Watson Institute for International and Public Affairs
Facebook Twitter YouTube Trending Globally Podcast Instagram LinkedIn Tumblr Email list

Neoliberalism Worsened Violence in Argentine Slums

August 26, 2011

The most tangible, nefarious consequences of neoliberalism in Argentina are found in the swelling slums of its capital city, according to Javier Auyero, professor of sociology at the University of Texas in Austin. 

“Three decades of neoliberal policy in Argentina have generated massive dislocation and economic sufferings,” said Auyero during a talk last spring at the institute titled ‘In Harm’s Way at the Urban Margins.’
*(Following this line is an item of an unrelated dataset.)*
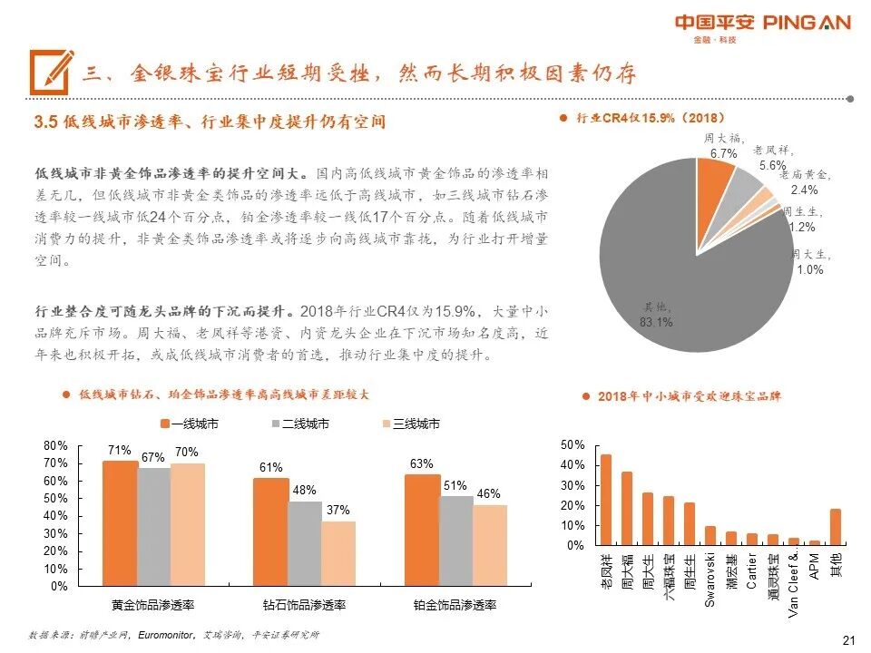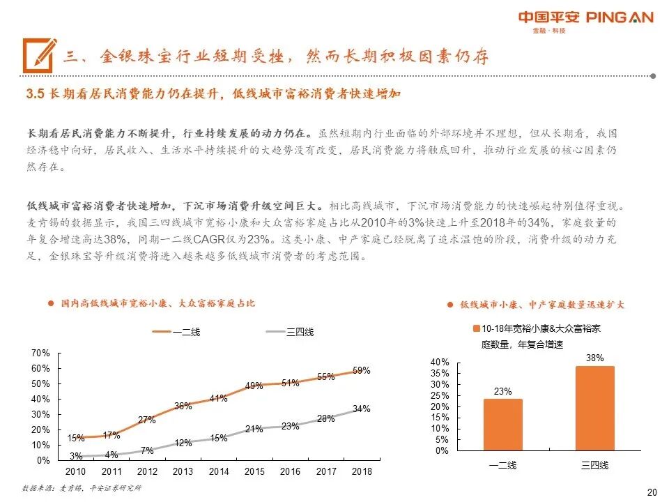 金银珠宝行业发展动力是什么?从长期看,居民消费能力不断提升,行业持续发展的动力仍在。其中低线城市富裕消费者快速增加,10-18年CAGR达38%,下沉市场消费升级空间巨大。同时,低线城市非黄金饰品渗透率的提升空间大,行业整合度可随龙头品牌的下沉而提升。下沉市场已成各品牌的必争之地。

As a consequence, inhabitants of Buenos Aires’ informal settlements are increasingly at risk of violence, he argued. 

“What you have is a de-pacification of daily life,” Auyero said. “The rampant daily violence of today is lived as something unprecedented,” he added, citing a doubling of crime rates over the past 15 years.
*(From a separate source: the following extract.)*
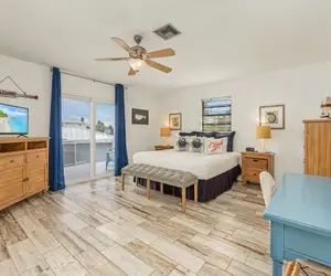 On arrival, there is ample off-street parking and two covered parking spaces beneath the home. Entry to Lazy Lobster's upper level is via stairs and into the open-plan kitchen, dining, and living areas. There is beautiful wood tile flooring throughout. The kitchen has plenty of granite countertops with subway tile backsplash behind the range and oven, and cabinets stocked with all the necessary items to prepare full-course meals or just snacks and coffee. Appliances are all stainless steel and include a 5-burner glass top range with a convection oven, a countertop microwave oven, a dishwasher, and a side-by-side refrigerator/freezer with water and ice dispenser in the freezer door. The granite-top island has cabinets and drawers on the kitchen side and two upholstered high-boy bar seats on the dining area side. The adjacent dining area has a table seating six. This flows into the living area which has a leather sleeper sofa with matching loveseat, accent tables and lamps, and two overstuffed chairs with a cocktail table in between. Opposite the seating area is a credenza with a wall-mounted large flat-screen TV. Off both the living and dining areas are sliding glass doors providing access out to a covered and screened-in deck that is well-furnished, boasting a table seating six, ceiling fans, and other cozy seating areas, making it the perfect place to enjoy the ever-changing sunsets and your favorite beverage. The master bedroom with en suite bath has a king-size bed, nightstands and lamps, an end-of-bed bench, a 5-drawer chest, a desk with chair and mirror, and another chest with a flat-screen TV. There is a large walk-in closet, and there are sliding glass doors leading out to an open deck furnished with two chairs and a cocktail table. This deck has a gas grill and overlooks the tropically landscaped backyard below. The bathroom has a single-piece vanity with a lavatory and storage space beneath, a commode, and a nicely tiled walk-in shower with a glass door and glass wall. The guest bedroom has two queen-size beds, a nightstand and lamp, and a 5-drawer chest with a flat-screen TV. Ample closet space and sliding glass doors out to the previously described deck overlooking the backyard. The adjacent guest hall bathroom has a single-piece vanity with a lavatory and storage space beneath, a commode, and a nicely tiled combination tub/shower.

Auyero zoomed in on an array of violence, ranging from environmental degradation to sexual assault, and focused on how children experience this violence.

In one drawing he displayed, a child sketched two men shooting each other as a police car drives by in the far background. A photograph he showed provided further glimpses into the place of violence in the slums: ‘between bullets I was born and among thugs I was raised,’ reads a graffiti scrawl on a bathroom stall.

“Despite the fact that garbage, like violence, is part of what Foucault would call the order of things and that children are routinely exposed to it, their voices convey no signs of desensitization to it,” Auyero said.

Targeting the roots of this violence is complex, Auyero stressed, but neoliberalism, coupled with a growth of police involvement in the drug trade, is chiefly to blame.

“The police used to be implicated in prostitutes and gambling. Now (they’re implicated in) drugs too,” he said. “Police inaction can also be bought.

“And if you cannot control who exerts violence,” he stressed. “Then everyone can exert violence.”

His talk was part of the Center for Latin American and Caribbean Studies Lecture Series.